I think this reinforces my longstanding view that the only sensible thing to do with a bank holiday is to stay at home and work, or at most to go out locally and on foot. Trouble is, sensible arrangements that work nicely for me are less useful when the schedule has to fit in with a girlfriend whose work gives her much more rigidly-defined holidays.  Bah, Humbug.

In fact, we did get in a very pleasant walk from Gunnislake to Calstock, taking in some of the spectacular scenery and industrial archaeology of that stretch of the Tamar Valley (gorge!). That at least was off the main tourist circuit, except for the picturesque centre of Calstock.

Tomorrow I have to travel a few miles to a pub for lunch. But that’s obscure local roads, off the tourist radar, so I hope it won’t be too bad.

L’Aquila

When a natural disaster happens somewhere you know, it seems to affect you more than somewhere anonymous.  And I lived over five years in central Italy.

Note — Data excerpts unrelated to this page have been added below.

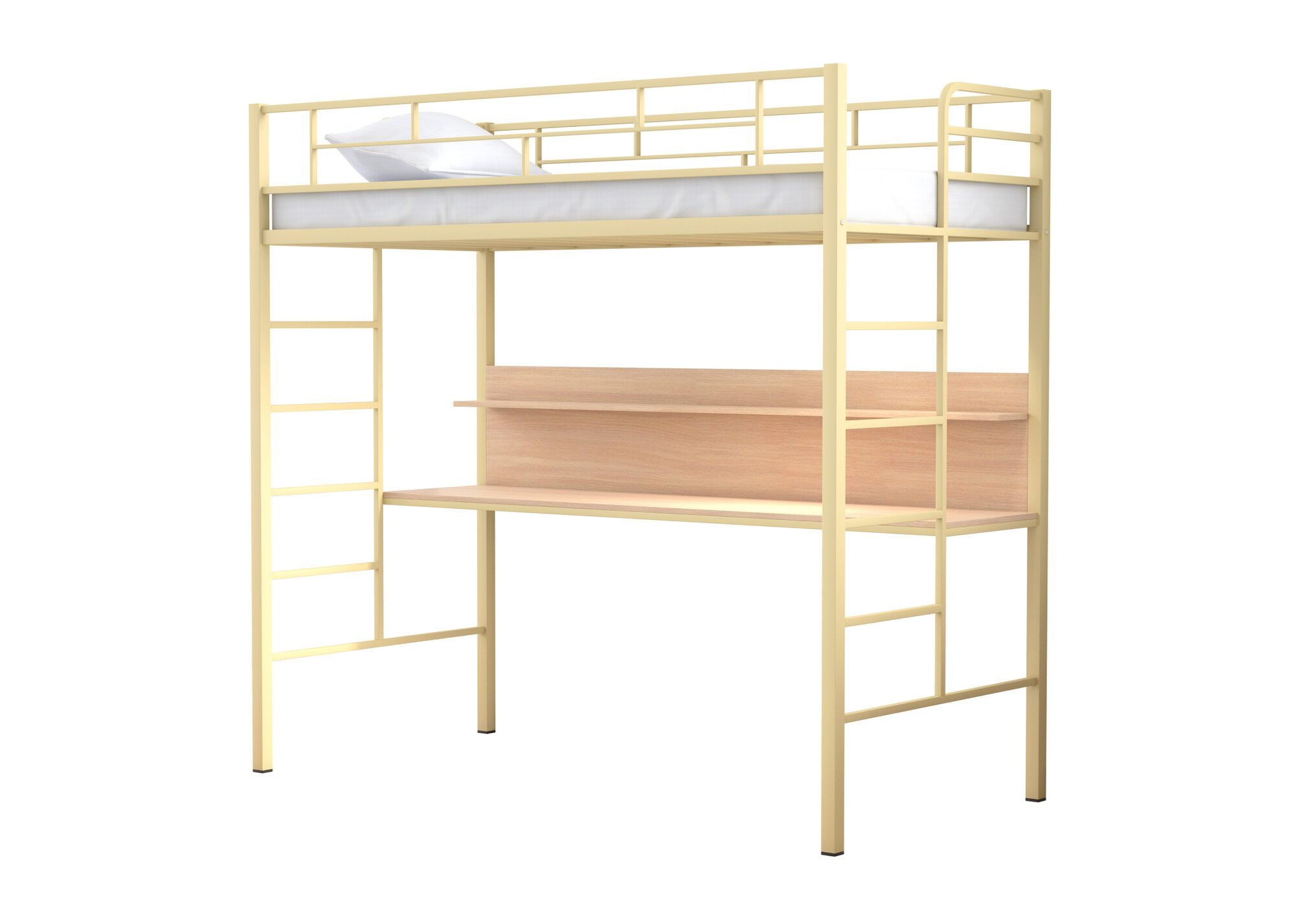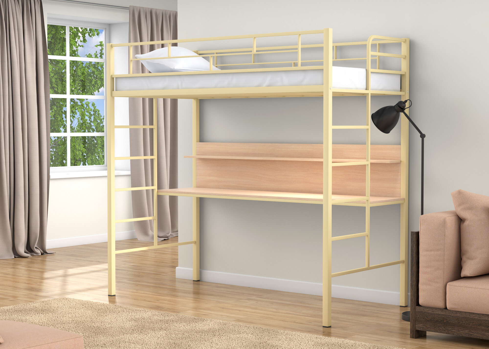 Кровать-чердак "Амстердам" Слоновая кость со столом Дуб молочный/ детская/ 90х190 см/ двухъярусная кровать с рабочей зоной/ для детей и взрослых/ железная/ металлическая/ двухэтажная/ взрослая
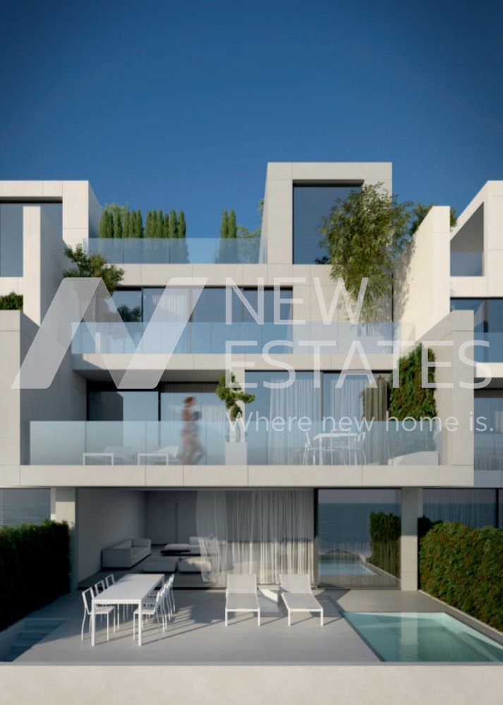 Всяка къща е изградена с южно изложение и се простира на 4 нива, предлагайки прекрасна панорамна гледка към морето. Включени са гараж за два автомобила и две външни паркоместа. Всеки дом разполага с асансьор и предлага 3 или 4 спални, 4 бани, просторна дневна с трапезария, модерна кухня и уютна веранда с басейн.
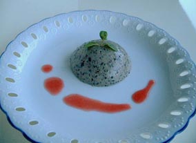 | 3 2を冷まし、固まりかけてきたら、7分立てにした生クリームを混ぜて料理に入れる。
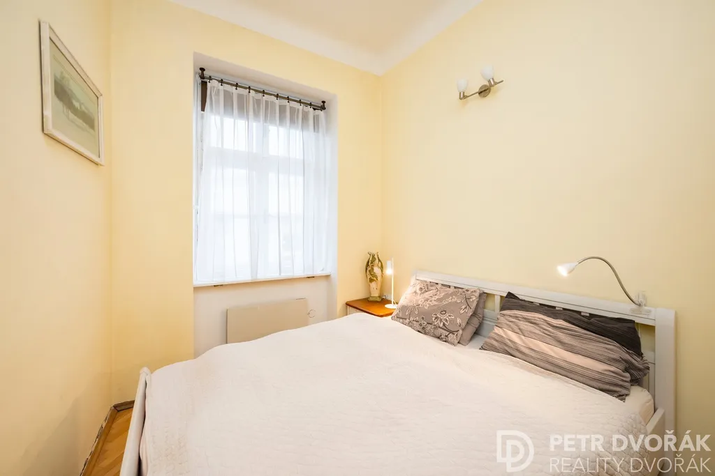 Z obývacího pokoje se vstupuje do ložnice, kde velkorysá kastlová okna s hlubokými špaletami pokračují ve svém dialogu s historickou ulicí, a přilehlou koupelnou se sprchovým koutem, toaletou a pračkou. K bytu náleží vlastní sklepní kóje 1,5 m².
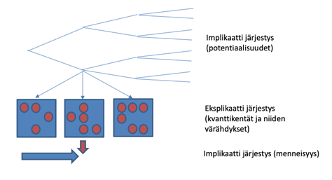Kukin aukikääriytyminen on kvanttikentän värähdys. Hiukkaset, jotka muodostavat eksplikaatin järjestyksen, eivät siis ole pysyviä fysikaalisia objekteja, vaan peräkkäisiä tapahtumia, jotka kääriytyvät jatkuvasti implikaatista järjestyksestä eksplikaattiin järjestykseen ja takaisin. Kvanttikentän värähdys siis vastaa kvanttisysteemin aktualisoitunutta tilaa.
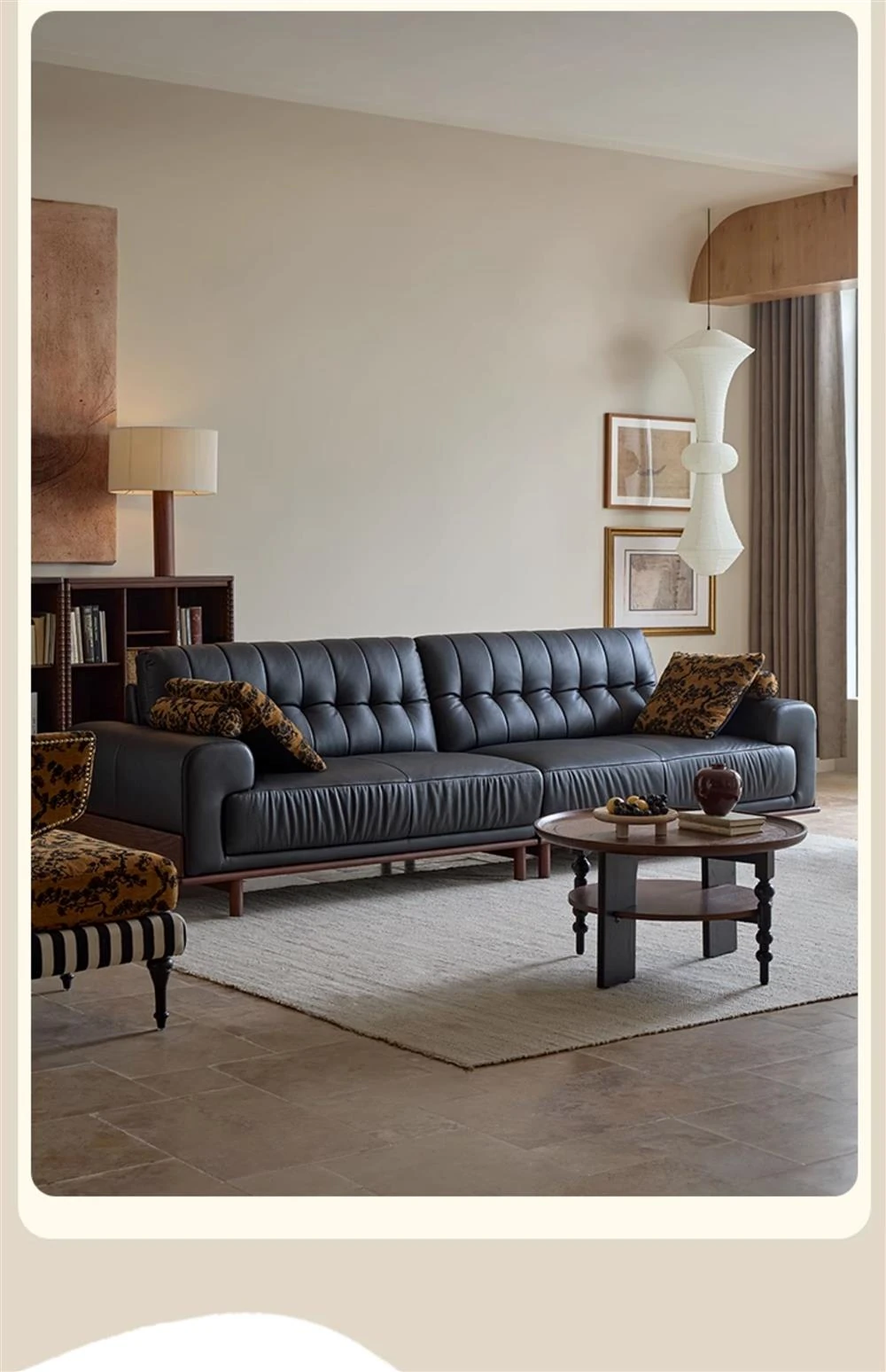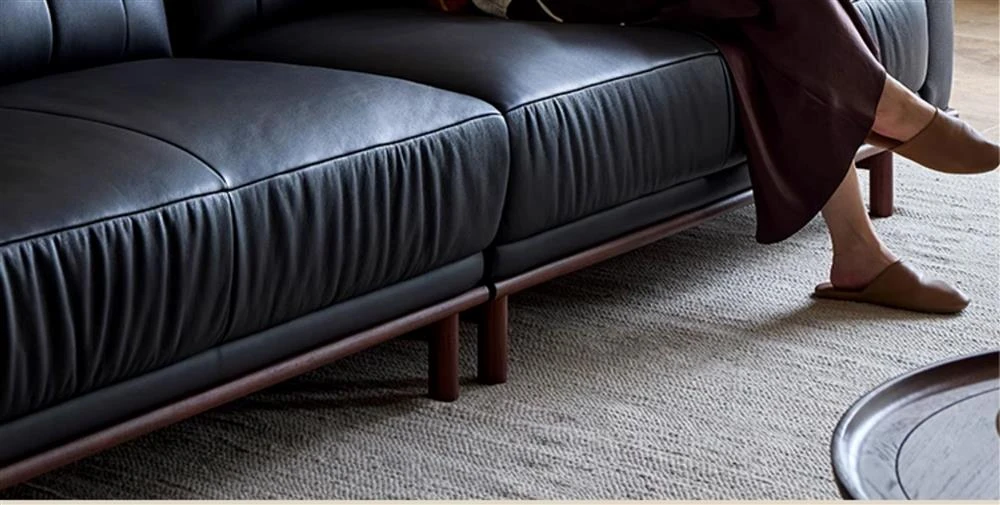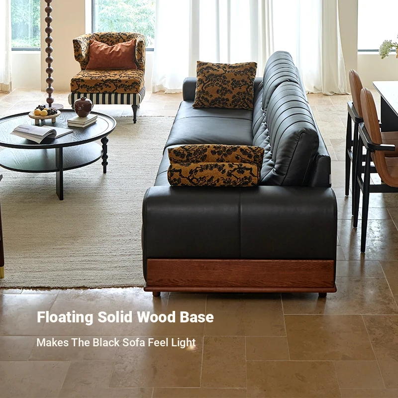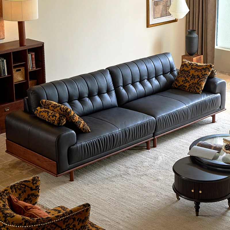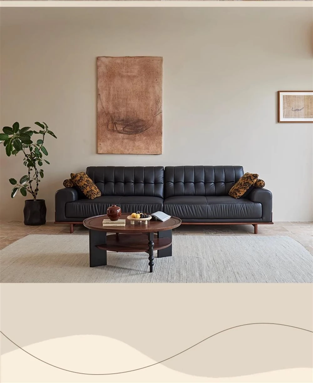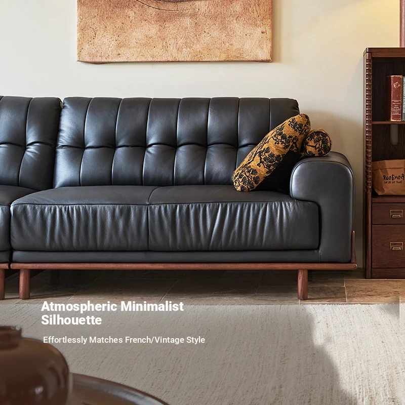 2025 New Vintage French Style Genuine Leather Sofa for Small Living Rooms - Chic Black Design for a Sophisticated Touch in Your Home

I never lived in the Abruzzi mountains.  But I had a fine view of them from my bedroom window whilst in Monteporzio Catone, where I lived for close to three years.  And they were a regular weekend stomping ground.  I found them more challenging than other mountains: maps were poor compared to anything I’m used to, and – more problematically – water could be hard to find: with so much limestone, it all goes underground.

L’Aquila (“The Eagle”), the town devastated by the recent earthquake, was (is) the gateway to the highest mountains in central Italy: the Gran Sasso (“Great Stone“) range, and Corno Grande (“Great Horn“), the highest peak[1].  The area holds some of my best Italian memories: from breathtaking summer sunsets and magical nights, to the winter night when I got up in the morning to find the tracks of a bear in the snow passing by the tent (the track wasn’t new, but I hadn’t seen it in the dark when I selected the spot).  Also some less happy days, including twice getting caught out in the summer heat with insufficient water and getting seriously dehydrated – the second time after finding no less than two “springs” marked on the CAI (Club Alpinismo Italiano) map that turned out to be dry before a third one finally yielded water.

So the pictures of devastation are … kind of an old friend, and my best wishes are with the people as they come to terms with their loss, and rebuild their homes.  At least they have some advantages.  They’re a developed country with modern equipment and – at best – a fine tradition of civil engineering.   And there’s quite a lot of community culture, so mutual help should come naturally to them.

Well, at times like this, …

[1] The links in this sentence are a random selection googled for having some nice pics.

Sun and IBM

No, I’m not going to talk about recent reports. Even if I knew something you didn’t (which I don’t), I probably wouldn’t feel comfortable writing it here.

But I just have to point my readers to a lovely comparison by Jeff Kesselman (spotted via Sam Ruby’s blog). Written four years ago, so no risk of being influenced by current events, yet those who are watching may find it strangely familiar! Jeff has experience of both companies, and his preference seems to show through his slightly-tongue-in-cheek piece.

Oh, maybe there is a serious comparison that deserves mention at this point. Someone remind me: when was it IBM made one of the biggest stonking losses in corporate history, before reinventing itself as primarily a services company? It feels as if Sun might be at a comparable, though less extreme, point in its life.